Man glaubt das die Zulus urspruenglich im 15. Jahrhundert aus dem Gebiet der grossen Afrikanischen Binnenseen - Lake Malawi, Lake Victoia und Lake Tanganika - eingewandert sind. Diese Einwanderer spielten bis zum 18. Jahrhundert keine herausragende Rolle im Bereich Suedafrikas. Erst als durch straffe Organisation und ihre besonderen kriegerischen Qualitaeten eine Vorreiterrolle einnehmen, beginnen wir sie im Netzwerk der Geschichte wahrzunehmen. Unter der Fuehrung von Dingiswayo und spaeter unter Shaka entwickleten sie sich zu einem Volk, dessen Name Angst und Schrecken im suedlichen Adrika verbreitete.

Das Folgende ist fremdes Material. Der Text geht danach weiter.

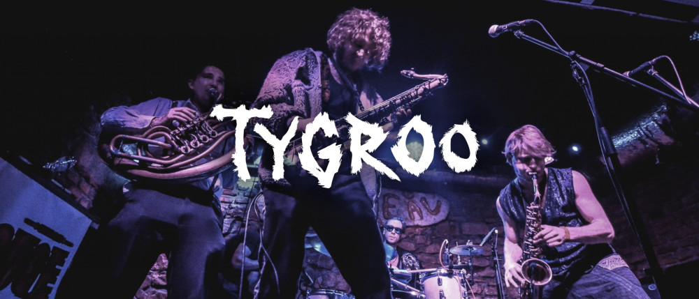 Tygroo hrají na dechy a bicí, občas přidají akordeon. Jejich hudba je divokou směsicí elektronické taneční hudby, balkánu, jazzu, a rapu. V Klubovně dají energický předvánoční set.
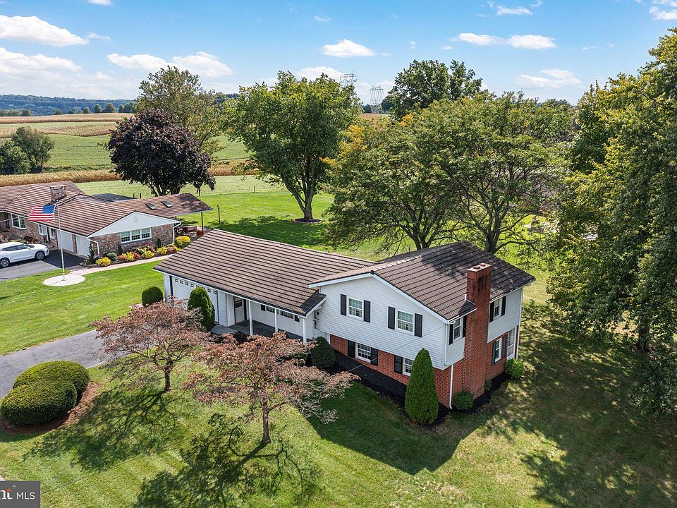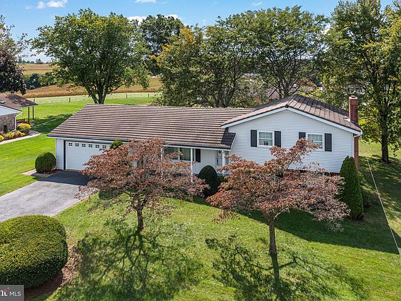 Set atop a hill overlooking the beautiful Bally countryside is this three bedroom, two bath split level home with a surprising amount of living space. Vaulted ceilings can be found upon entering the expansive living room with open beams and ceiling fan, which leads into dining area and eat-in kitchen with pantry, dishwasher, ceiling fan, and access to two-car garage as well as back yard. There are views from almost every (newer) window, especially the three bedrooms on the second level along with fun retro hall bath with tub/shower. The lower level has a large family room with electric fireplace (was once and could be wood-burning again), along with an additional recreation space and full bath with shower stall (great area for "in-law suite" as there is a full daylight walk-out to grade and full sized windows). The lowest level (as there are four in total) is the unfinished basement with electric wall heater (was used as a game room "back in the day" for kids and grandkids). Two-car garage has pull-down stairs to floored attic space with more room for storage. The roof as it is understood is a 100 yr slate roof with great dimension. Such a beautiful location, the property so well maintained, and it can be immediately available for its next owner!
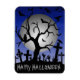 Illustration d'Halloween avec arbre, chauve-souris, hibou et gravestone décoration à pleine lune
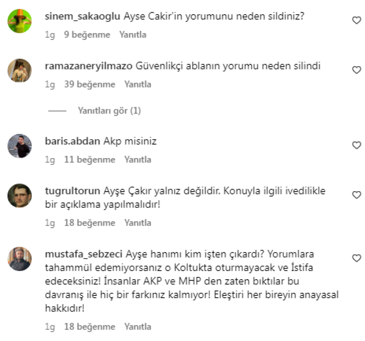 9 yıldır BURULAŞ'ta güvenlik görevlisi olarak çalışan Ayşe Çakır, Beşli'nin paylaşımının altına yorum yazarak sitem etti.

Nach der Ermordung Shakas und dem fruchtlosen Versuch unter der Fuehrung von Dinaan den Vormarsch der weissen Siedler aufzuhalten, zogen sich die Zulus in das Gebiet noerdlich des Tugela Flusses zurueck. Der Tugela wurde fuer die naechste Zukunft die von beiden Seiten akzeptierte Grenze.

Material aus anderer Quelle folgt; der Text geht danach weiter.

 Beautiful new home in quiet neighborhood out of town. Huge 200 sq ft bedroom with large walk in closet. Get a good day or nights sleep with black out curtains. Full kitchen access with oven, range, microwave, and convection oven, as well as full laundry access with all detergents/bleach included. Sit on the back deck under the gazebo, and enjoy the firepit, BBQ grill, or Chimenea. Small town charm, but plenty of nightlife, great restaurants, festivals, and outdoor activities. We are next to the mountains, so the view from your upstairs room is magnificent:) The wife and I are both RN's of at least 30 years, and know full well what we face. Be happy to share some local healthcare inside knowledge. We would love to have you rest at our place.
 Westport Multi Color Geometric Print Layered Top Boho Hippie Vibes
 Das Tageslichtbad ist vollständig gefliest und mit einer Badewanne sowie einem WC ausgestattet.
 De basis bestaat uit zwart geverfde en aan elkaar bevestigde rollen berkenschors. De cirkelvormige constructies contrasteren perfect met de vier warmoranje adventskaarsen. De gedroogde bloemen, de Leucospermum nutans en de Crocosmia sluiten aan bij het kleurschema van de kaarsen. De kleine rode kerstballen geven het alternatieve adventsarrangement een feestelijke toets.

Viele Zulus siedleten im Bereich des von den weissen Siedlern kontrollierten Natal und es begann eine kurze Periode der Ruhe. Erst nach 1880 brachen die Unruhen und kriegerischen Auseinandersetzung wieder aus. Diesmal waren Streitigkeiten zwischen den lokalen Haeuptlingen der Zulus die Ursache.
Unter den afrikanischen Voelkern werden die Zulus als Aristrokraten angesehen. Sie haben gut entwicklete moralische Vorstellungen, eine eigene Sprache und natuerlichen Stolz.
Viele Zulus wurden in die einheimischen Polizeieinheiten aufgenommen und als Aufseher in den Minen eigesetzt. Die Zuckerrohrplantagen waren der groesste industreille Arbeitgeeber in Natal in der ersten Haelfte des 20. Jahrhunderts. Die Mehrzahl der Zulus lebte aber immer noch im traditionellen Stil in kleinen laendlichen Doerfern.